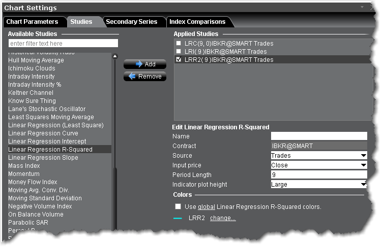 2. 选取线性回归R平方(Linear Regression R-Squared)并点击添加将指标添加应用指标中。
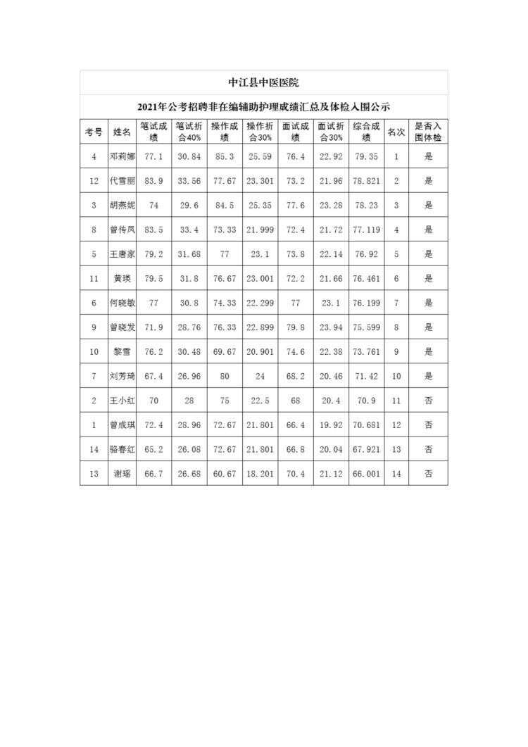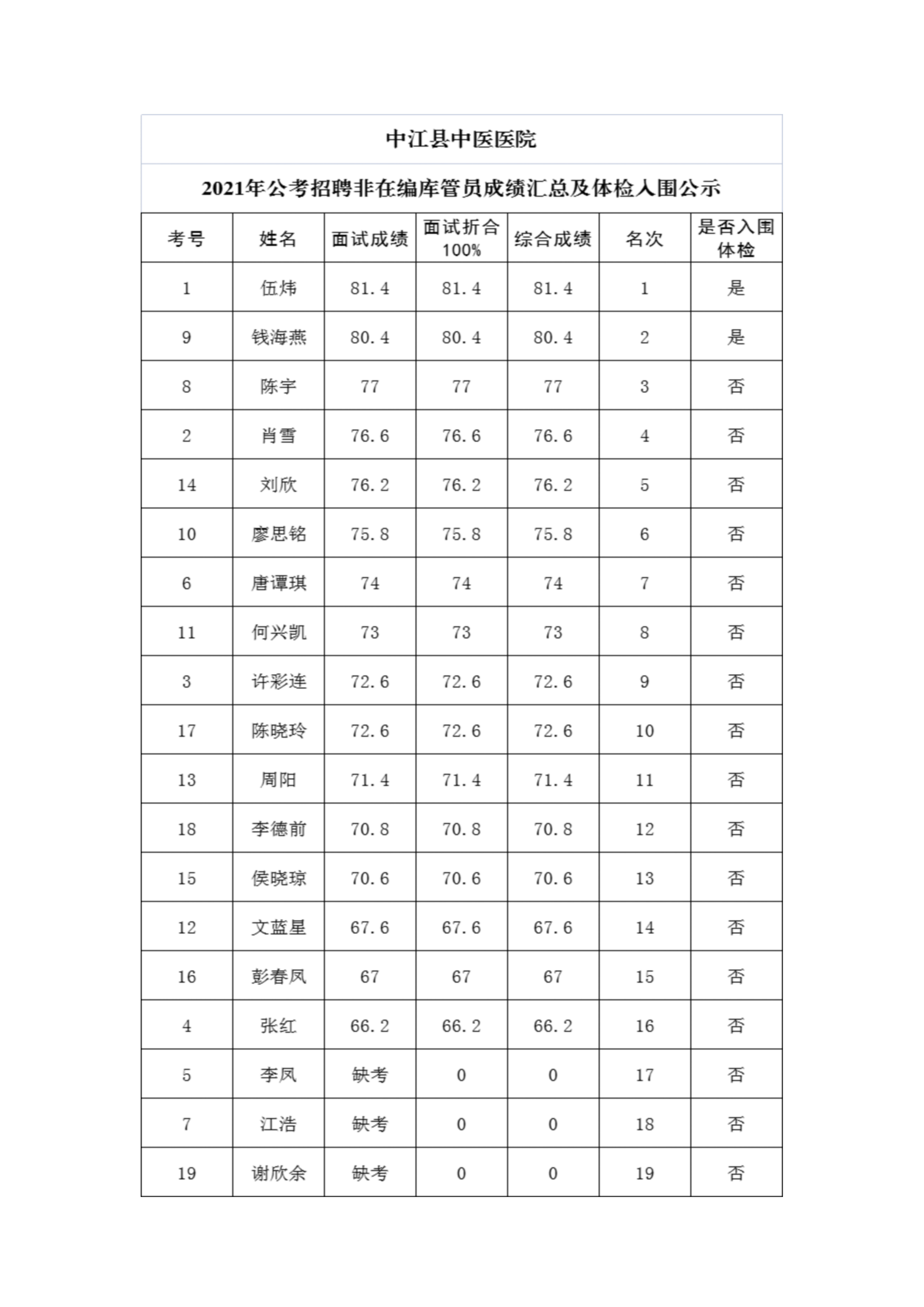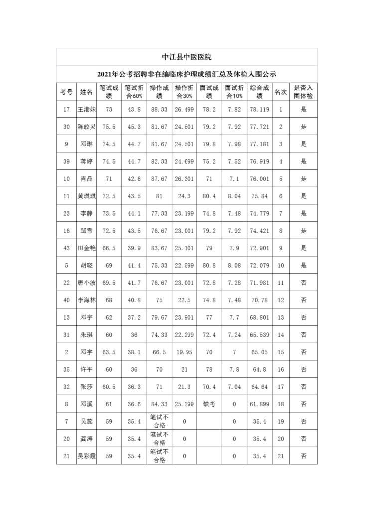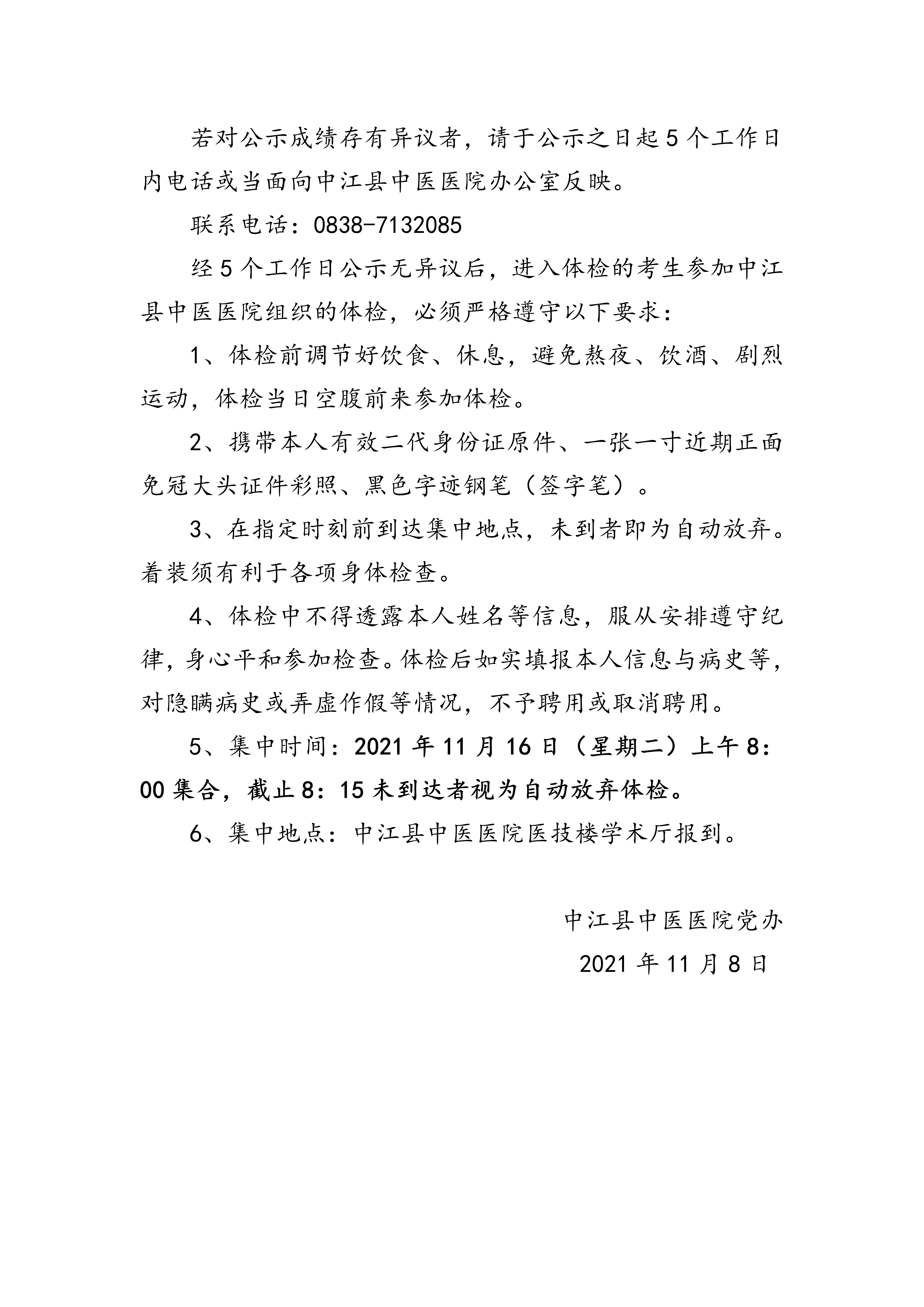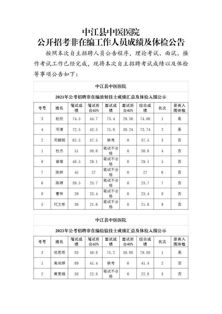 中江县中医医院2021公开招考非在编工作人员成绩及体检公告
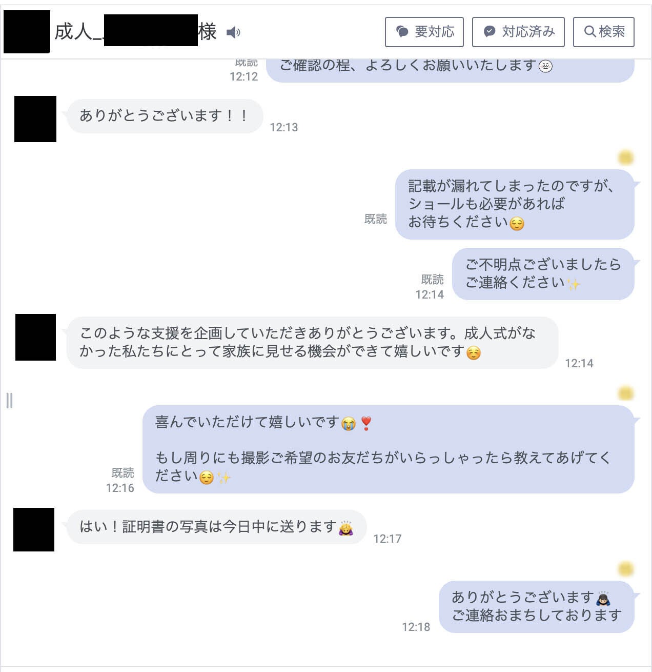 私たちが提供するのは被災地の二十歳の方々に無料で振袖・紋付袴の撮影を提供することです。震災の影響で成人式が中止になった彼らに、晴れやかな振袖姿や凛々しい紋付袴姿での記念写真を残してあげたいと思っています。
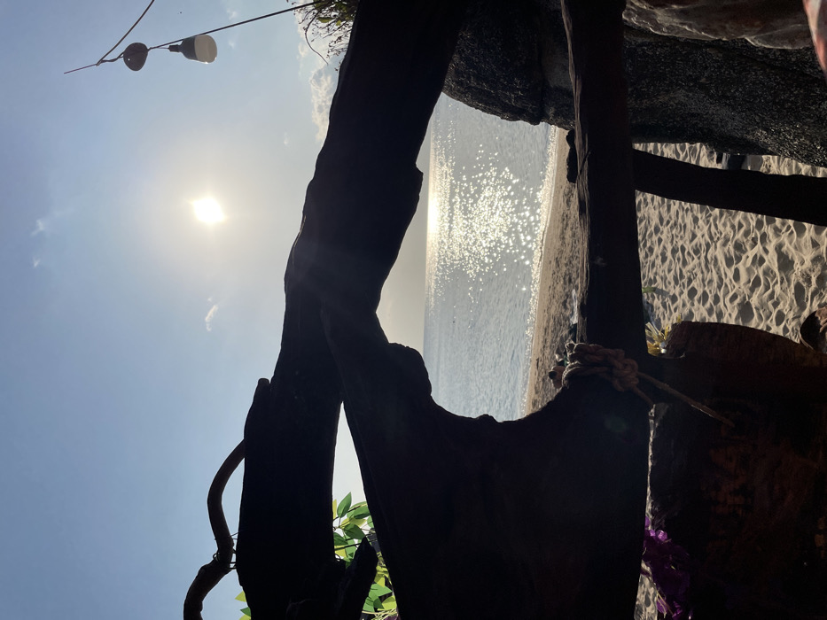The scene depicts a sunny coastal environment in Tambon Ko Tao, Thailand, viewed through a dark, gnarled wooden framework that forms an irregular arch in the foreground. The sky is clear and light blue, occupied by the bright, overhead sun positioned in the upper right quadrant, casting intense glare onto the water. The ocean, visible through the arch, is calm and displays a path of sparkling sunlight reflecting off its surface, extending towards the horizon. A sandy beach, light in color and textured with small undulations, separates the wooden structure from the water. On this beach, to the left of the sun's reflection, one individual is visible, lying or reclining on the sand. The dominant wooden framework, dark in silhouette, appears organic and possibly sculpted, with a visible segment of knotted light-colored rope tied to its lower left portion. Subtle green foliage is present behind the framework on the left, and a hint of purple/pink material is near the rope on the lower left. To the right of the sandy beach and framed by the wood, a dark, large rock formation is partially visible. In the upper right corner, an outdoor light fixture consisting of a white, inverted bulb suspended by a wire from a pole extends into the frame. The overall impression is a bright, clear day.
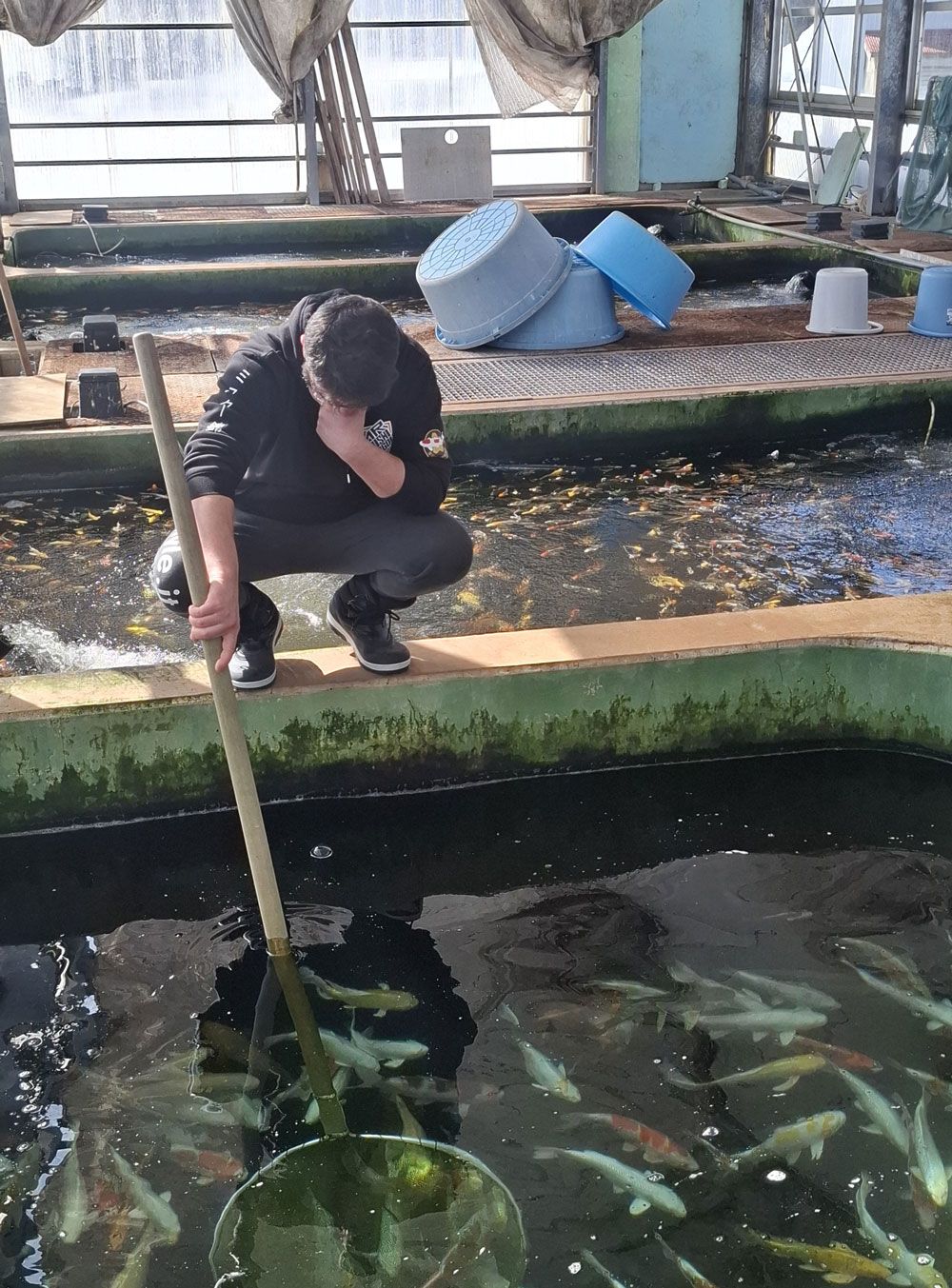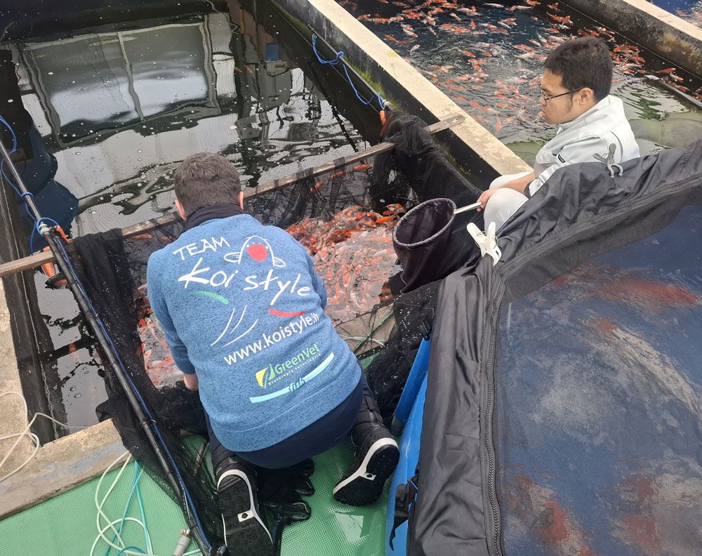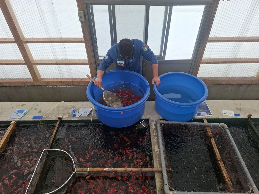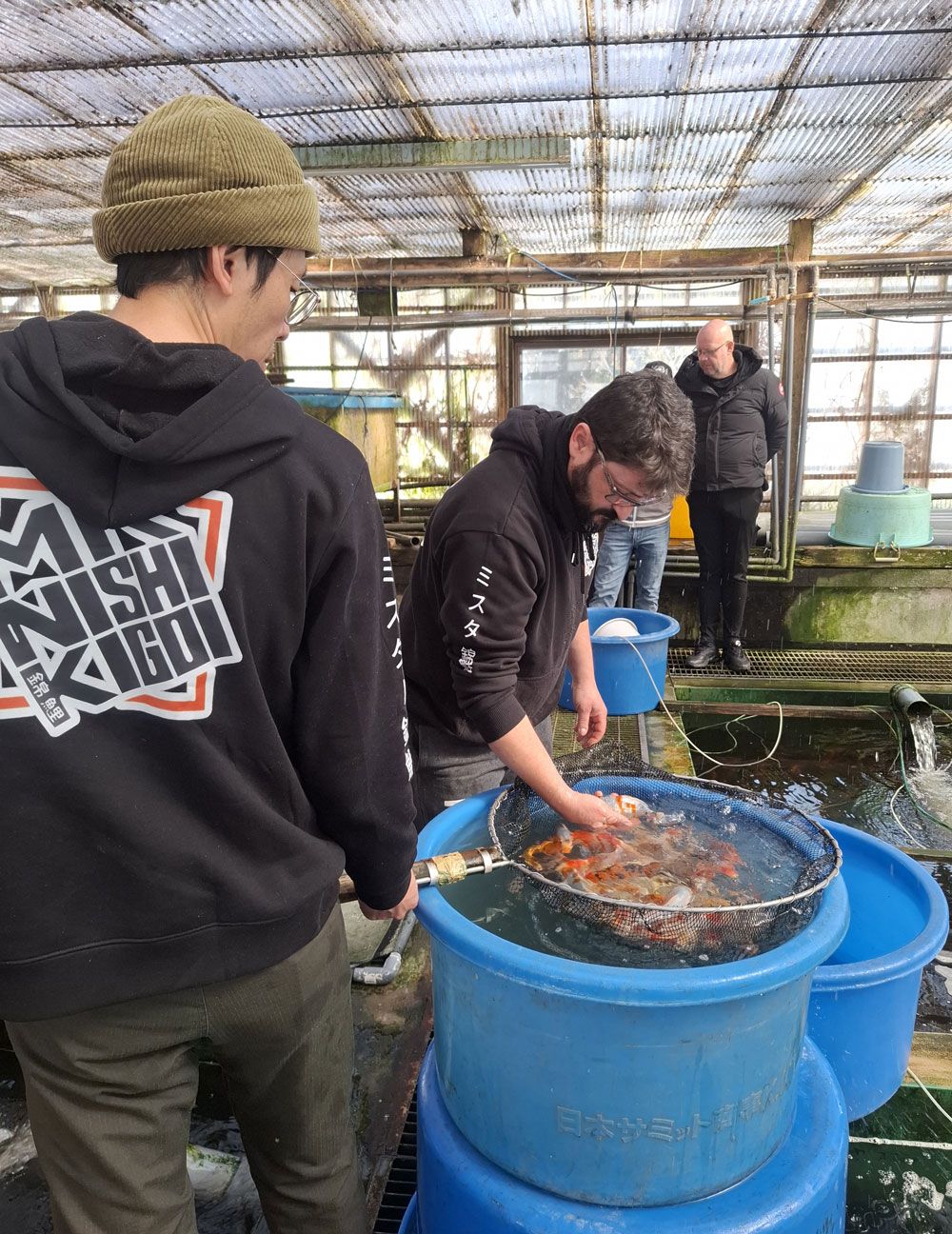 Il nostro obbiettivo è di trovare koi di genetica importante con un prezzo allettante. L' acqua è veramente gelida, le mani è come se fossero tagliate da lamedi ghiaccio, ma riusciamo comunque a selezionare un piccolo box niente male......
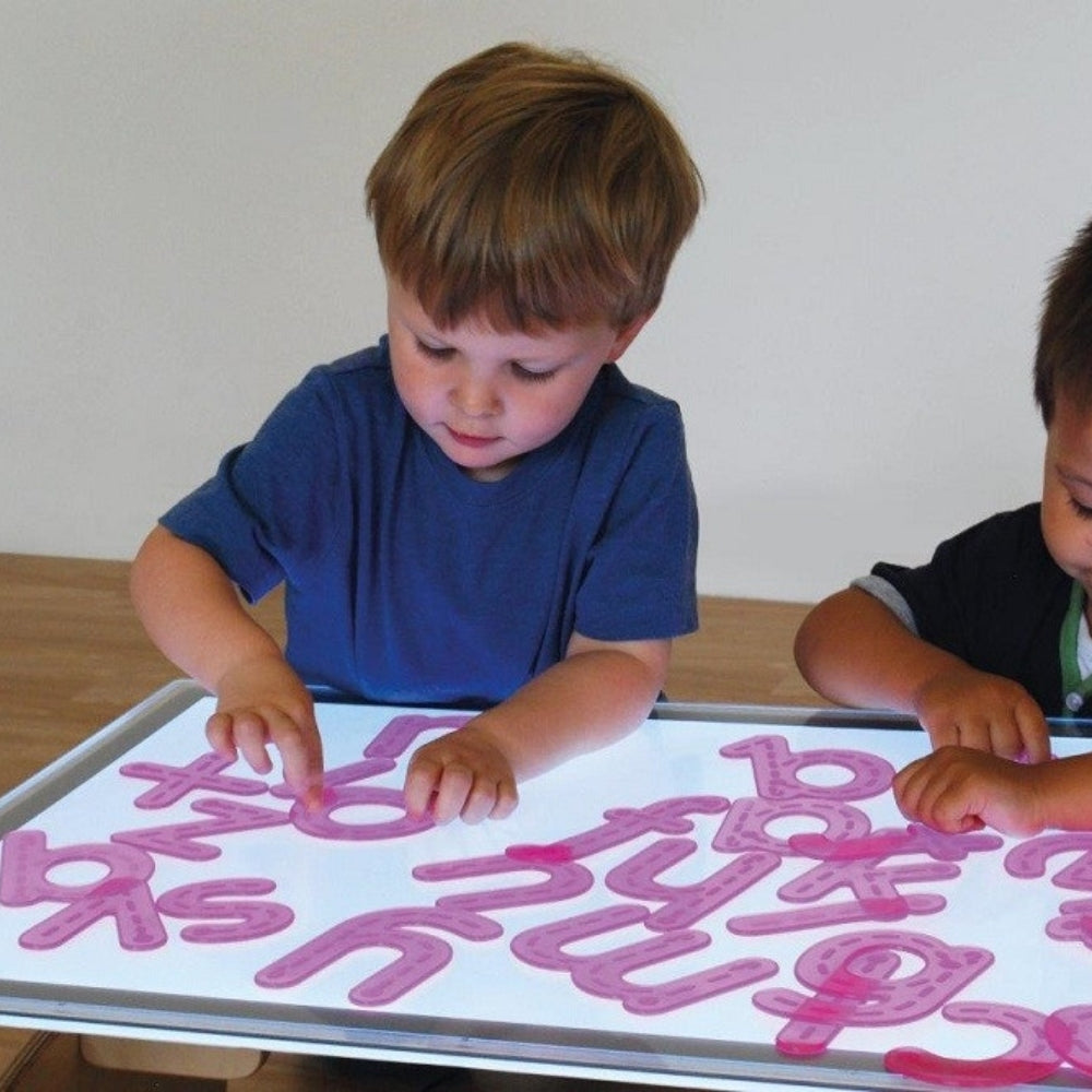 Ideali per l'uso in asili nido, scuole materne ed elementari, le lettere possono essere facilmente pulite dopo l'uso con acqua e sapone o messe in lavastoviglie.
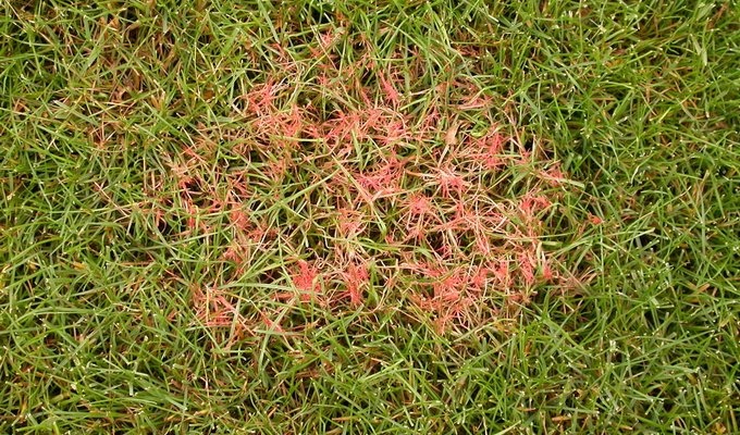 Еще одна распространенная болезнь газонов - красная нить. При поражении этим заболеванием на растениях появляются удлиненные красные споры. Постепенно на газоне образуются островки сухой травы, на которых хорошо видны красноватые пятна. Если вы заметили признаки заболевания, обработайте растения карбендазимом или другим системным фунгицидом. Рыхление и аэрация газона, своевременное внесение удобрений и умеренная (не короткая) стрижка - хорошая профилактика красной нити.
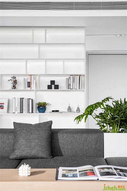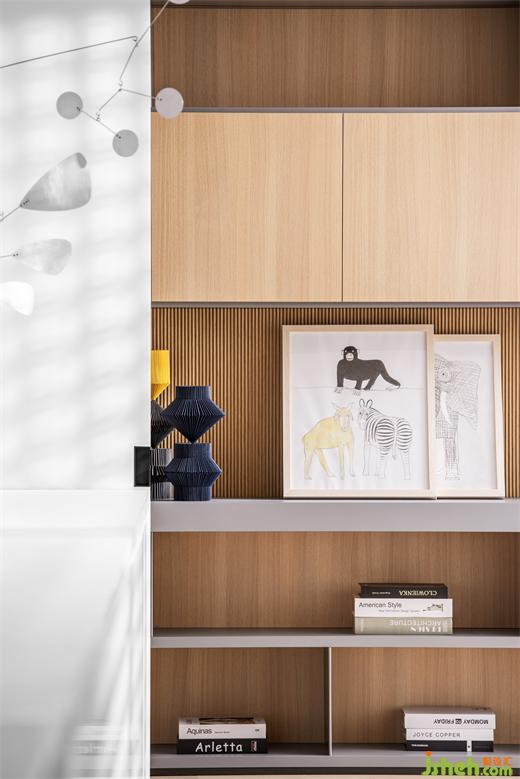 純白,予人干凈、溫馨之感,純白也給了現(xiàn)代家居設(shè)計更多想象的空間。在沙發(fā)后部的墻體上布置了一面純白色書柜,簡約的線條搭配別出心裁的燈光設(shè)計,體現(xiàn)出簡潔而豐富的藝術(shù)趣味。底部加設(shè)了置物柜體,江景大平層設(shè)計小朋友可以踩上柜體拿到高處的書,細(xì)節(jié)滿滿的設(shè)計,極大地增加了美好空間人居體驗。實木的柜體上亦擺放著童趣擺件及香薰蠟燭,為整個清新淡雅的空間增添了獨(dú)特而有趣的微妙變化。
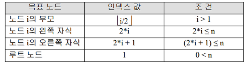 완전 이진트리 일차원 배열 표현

============

**EXERCISE**
Set the records down again exactly as given, and leave the pictures out.

**EXPECTED ANSWER**
 2. 选取线性回归R平方(Linear Regression R-Squared)并点击添加将指标添加应用指标中。
 中江县中医医院2021公开招考非在编工作人员成绩及体检公告
 私たちが提供するのは被災地の二十歳の方々に無料で振袖・紋付袴の撮影を提供することです。震災の影響で成人式が中止になった彼らに、晴れやかな振袖姿や凛々しい紋付袴姿での記念写真を残してあげたいと思っています。
The scene depicts a sunny coastal environment in Tambon Ko Tao, Thailand, viewed through a dark, gnarled wooden framework that forms an irregular arch in the foreground. The sky is clear and light blue, occupied by the bright, overhead sun positioned in the upper right quadrant, casting intense glare onto the water. The ocean, visible through the arch, is calm and displays a path of sparkling sunlight reflecting off its surface, extending towards the horizon. A sandy beach, light in color and textured with small undulations, separates the wooden structure from the water. On this beach, to the left of the sun's reflection, one individual is visible, lying or reclining on the sand. The dominant wooden framework, dark in silhouette, appears organic and possibly sculpted, with a visible segment of knotted light-colored rope tied to its lower left portion. Subtle green foliage is present behind the framework on the left, and a hint of purple/pink material is near the rope on the lower left. To the right of the sandy beach and framed by the wood, a dark, large rock formation is partially visible. In the upper right corner, an outdoor light fixture consisting of a white, inverted bulb suspended by a wire from a pole extends into the frame. The overall impression is a bright, clear day.
 Il nostro obbiettivo è di trovare koi di genetica importante con un prezzo allettante. L' acqua è veramente gelida, le mani è come se fossero tagliate da lamedi ghiaccio, ma riusciamo comunque a selezionare un piccolo box niente male......
 Ideali per l'uso in asili nido, scuole materne ed elementari, le lettere possono essere facilmente pulite dopo l'uso con acqua e sapone o messe in lavastoviglie.
 Еще одна распространенная болезнь газонов - красная нить. При поражении этим заболеванием на растениях появляются удлиненные красные споры. Постепенно на газоне образуются островки сухой травы, на которых хорошо видны красноватые пятна. Если вы заметили признаки заболевания, обработайте растения карбендазимом или другим системным фунгицидом. Рыхление и аэрация газона, своевременное внесение удобрений и умеренная (не короткая) стрижка - хорошая профилактика красной нити.
 純白,予人干凈、溫馨之感,純白也給了現(xiàn)代家居設(shè)計更多想象的空間。在沙發(fā)后部的墻體上布置了一面純白色書柜,簡約的線條搭配別出心裁的燈光設(shè)計,體現(xiàn)出簡潔而豐富的藝術(shù)趣味。底部加設(shè)了置物柜體,江景大平層設(shè)計小朋友可以踩上柜體拿到高處的書,細(xì)節(jié)滿滿的設(shè)計,極大地增加了美好空間人居體驗。實木的柜體上亦擺放著童趣擺件及香薰蠟燭,為整個清新淡雅的空間增添了獨(dú)特而有趣的微妙變化。
 완전 이진트리 일차원 배열 표현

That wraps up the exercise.